===== Study material
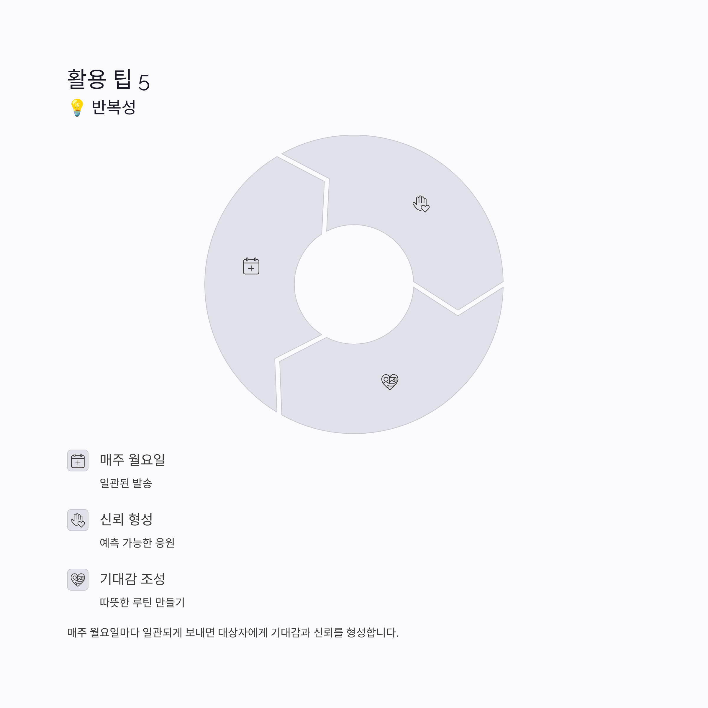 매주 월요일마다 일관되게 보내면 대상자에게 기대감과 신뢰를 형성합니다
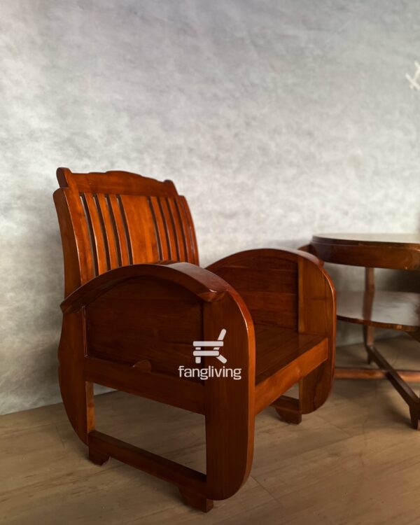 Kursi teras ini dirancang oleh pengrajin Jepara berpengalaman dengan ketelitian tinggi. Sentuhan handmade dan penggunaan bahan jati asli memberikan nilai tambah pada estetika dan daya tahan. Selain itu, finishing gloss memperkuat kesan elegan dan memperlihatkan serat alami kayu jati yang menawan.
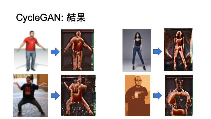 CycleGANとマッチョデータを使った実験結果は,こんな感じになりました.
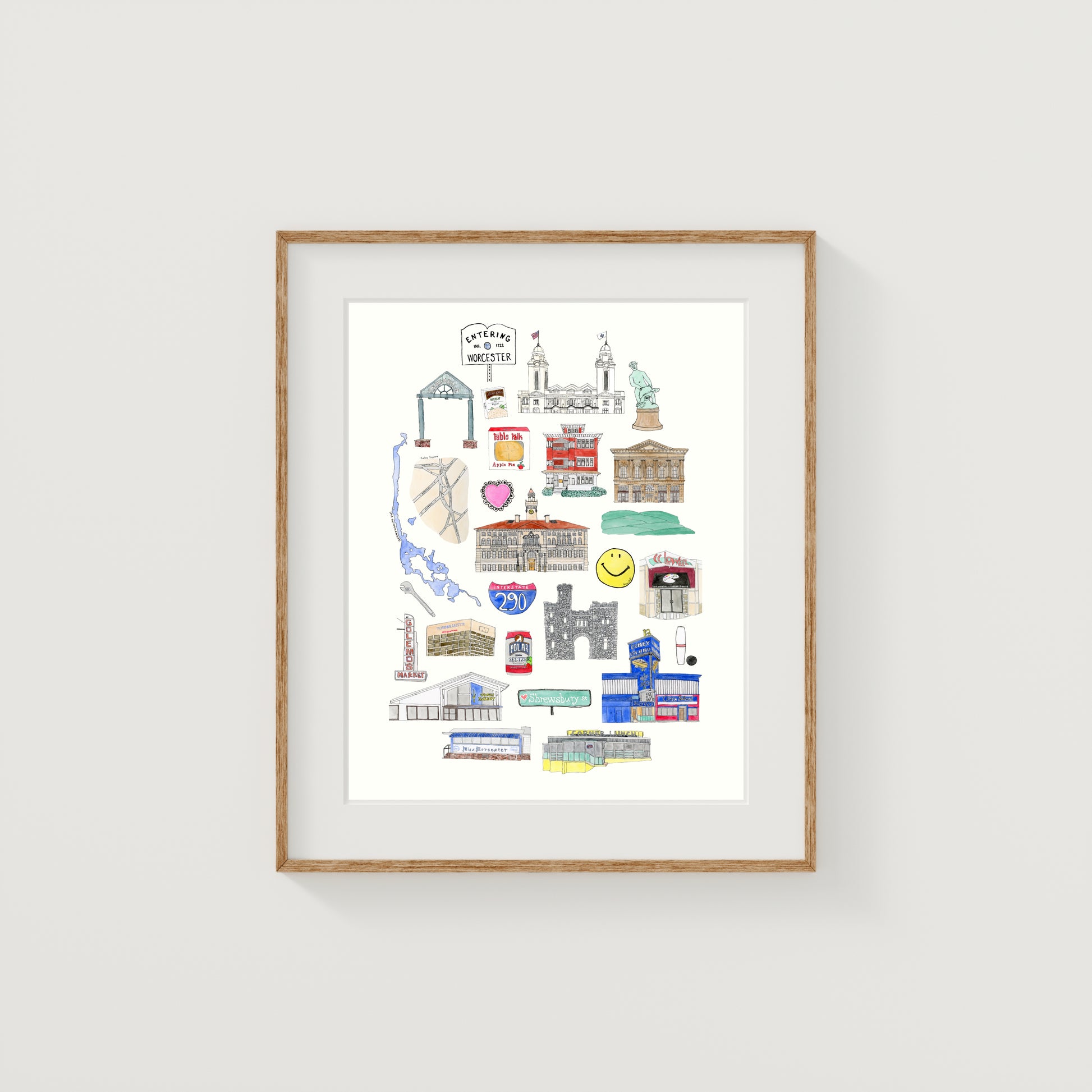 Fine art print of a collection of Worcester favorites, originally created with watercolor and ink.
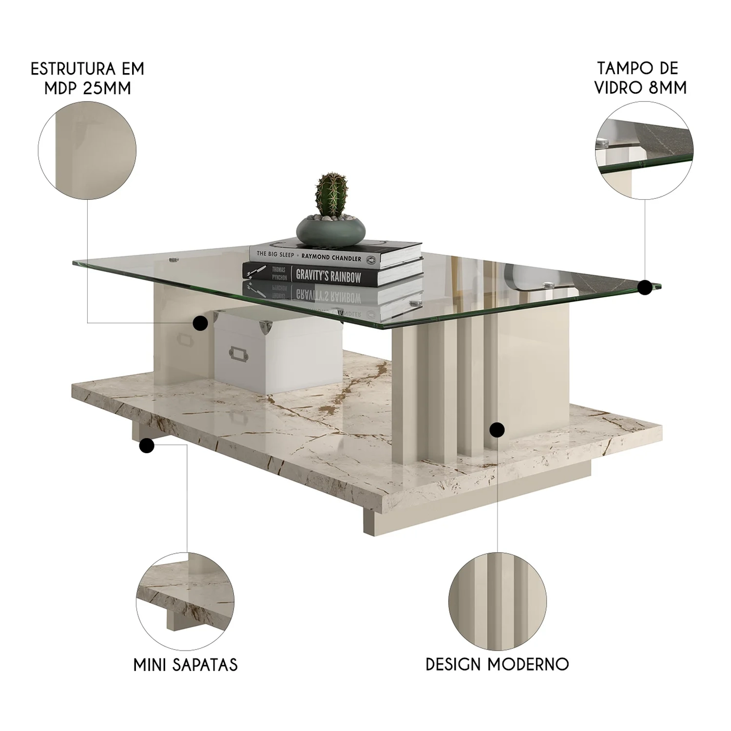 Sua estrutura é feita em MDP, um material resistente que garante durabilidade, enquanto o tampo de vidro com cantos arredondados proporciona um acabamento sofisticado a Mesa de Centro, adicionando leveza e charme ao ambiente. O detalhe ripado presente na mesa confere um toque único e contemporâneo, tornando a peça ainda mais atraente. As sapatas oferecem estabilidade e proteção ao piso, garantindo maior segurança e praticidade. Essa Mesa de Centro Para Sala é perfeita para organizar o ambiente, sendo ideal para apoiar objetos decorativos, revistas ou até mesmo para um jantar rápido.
==========
_Exercise_
Find "Fine art print" in the entries, then reproduce that line and each line after it exactly, through the last one. Pictures do not go in.

_Output for this task_
 Fine art print of a collection of Worcester favorites, originally created with watercolor and ink.
 Sua estrutura é feita em MDP, um material resistente que garante durabilidade, enquanto o tampo de vidro com cantos arredondados proporciona um acabamento sofisticado a Mesa de Centro, adicionando leveza e charme ao ambiente. O detalhe ripado presente na mesa confere um toque único e contemporâneo, tornando a peça ainda mais atraente. As sapatas oferecem estabilidade e proteção ao piso, garantindo maior segurança e praticidade. Essa Mesa de Centro Para Sala é perfeita para organizar o ambiente, sendo ideal para apoiar objetos decorativos, revistas ou até mesmo para um jantar rápido.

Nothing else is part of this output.